The Massachusetts Supreme Judicial Court unanimously set aside the conviction for exhibiting contraceptives as a violation of Baird’s First Amendment rights but sustained the conviction for giving away the foam. In Massachusetts, fornication was a misdemeanor punishable by a $30 fine or three months in jail; distributing contraceptives was a felony punishable by five years in prison. Baird spent 36 days in Boston’s Charles Street Jail, where the conditions where so bad that a court later found them unconstitutional: “It scarred me to this day,” Baird told Rewire, “but I endured it.”
In 1965, the Supreme Court had held that Connecticut’s prohibition against the use of contraceptives was an unconstitutional infringement of the right to marital privacy. But that decision, Griswold v. Connecticut, wasn’t much help to single people or people like Baird willing to help them. In Eisenstadt v. Baird, Justice William J. Brennan, Jr. wrote, “the marital couple is not an independent entity with a mind and heart of its own, but an association of two individuals each with a separate intellectual and emotional makeup.” That is not how the law treated marriage historically. Married women were once considered the property of their husbands, rather than separate persons. In holding that prohibiting contraception only for unmarried people denied them the equal protection of the law in violation of the Fourteenth Amendment, the court recognized the individual autonomy of women. The case was important to the court’s decision in Roe v.

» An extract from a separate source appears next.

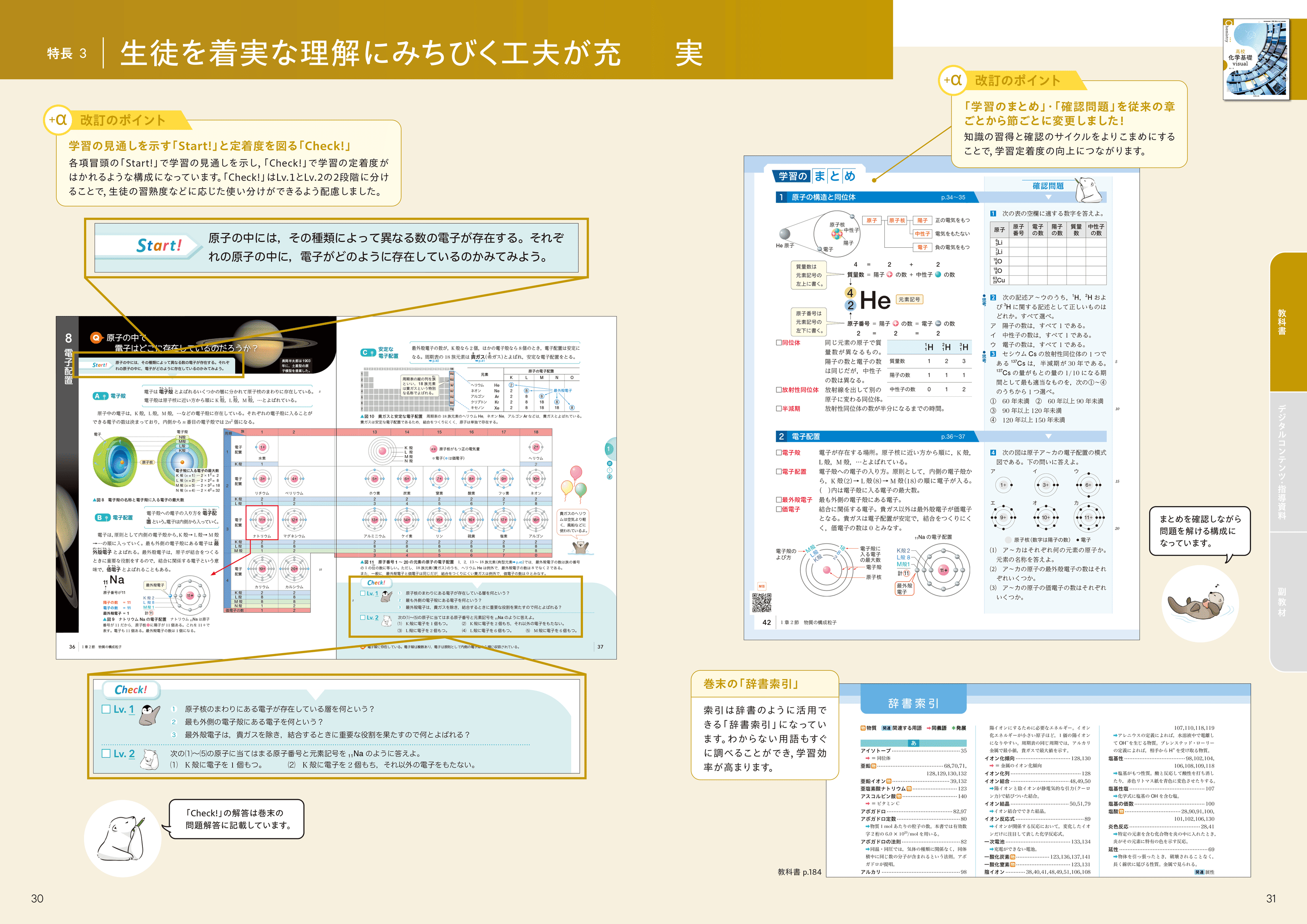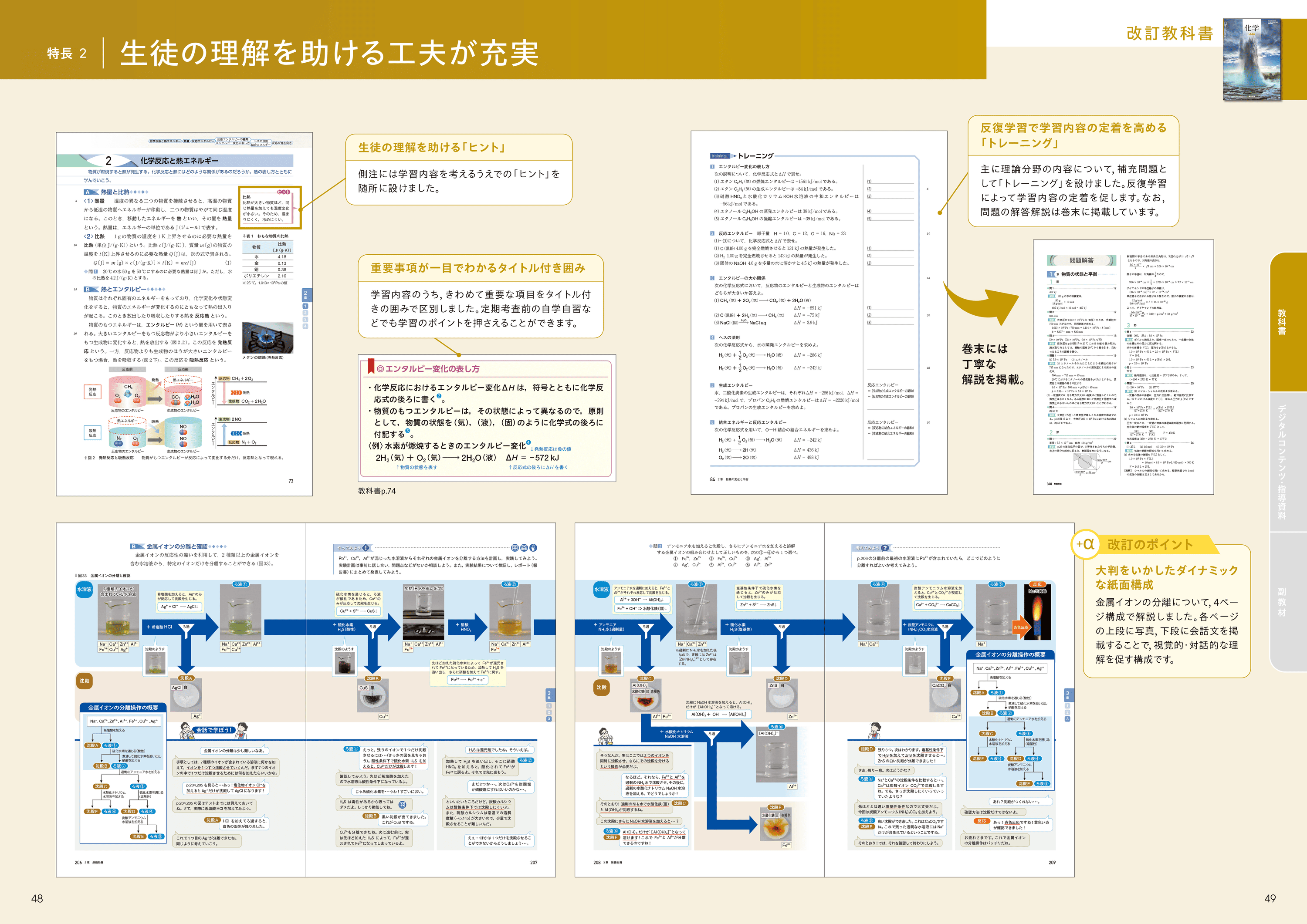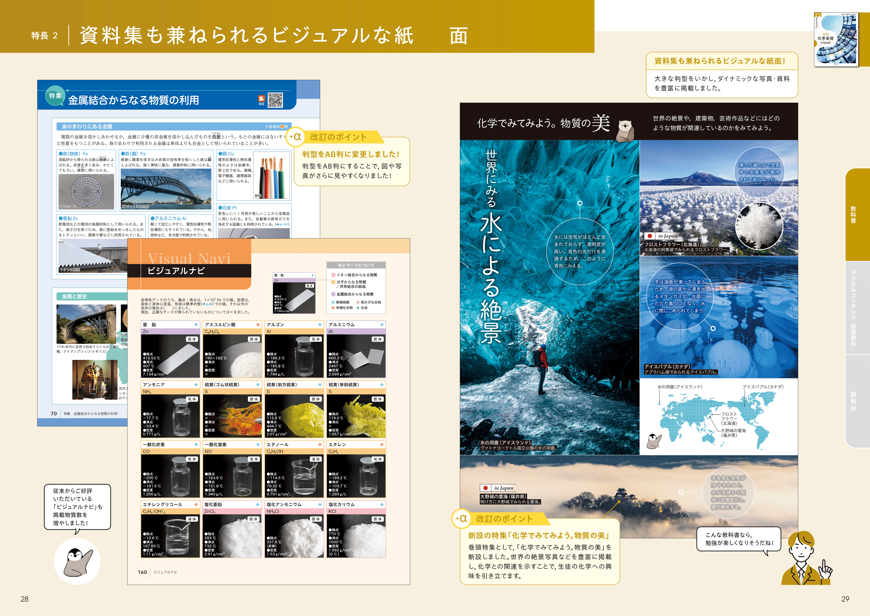 写真を豊富に掲載することで、生徒の興味・関心をひきだします。 従来からご好評いただいている「ビジュアルナビ」は掲載物質数を増やしました。

Wade the following year.
Baird continued to fight openly and aggressively for reproductive rights, and Eisenstadt wasn’t his last trip to the Supreme Court. But his fight came at great personal cost. Many of the women’s rights leaders of the time rejected him. His clinic was attacked. He became estranged from his wife and children, who endured threats and vilification. Today he is “eighty and going blind and broke,” as he says. Because he is blind in one eye and losing sight in the other, his second wife, Joni, reads him his email and news of the fight for reproductive and sexual equality. He said it amazes him “how the body wears out but the mind fights on.” He continues to lecture on college campuses. Of a recent talk, he said, “These kids could not believe I faced a ten-year jail term for their right to have sex protected.” He said that his granddaughter thinks he “murders babies,” but his stepsons know what he does and has done and love him for it.
Baird is as fiery and eager to talk about the struggle as ever. He continues to be dismayed by individuals who would infringe on the right of women to make their own decisions. When I spoke to him yesterday, he recited a section of Eisenstadt v. Baird from memory: “If the right of privacy means anything, it is the right of the individual, married or single, to be free from unwarranted governmental intrusion into matters so fundamentally affecting a person as the decision whether to bear or beget a child.” That right is young—and still under attack.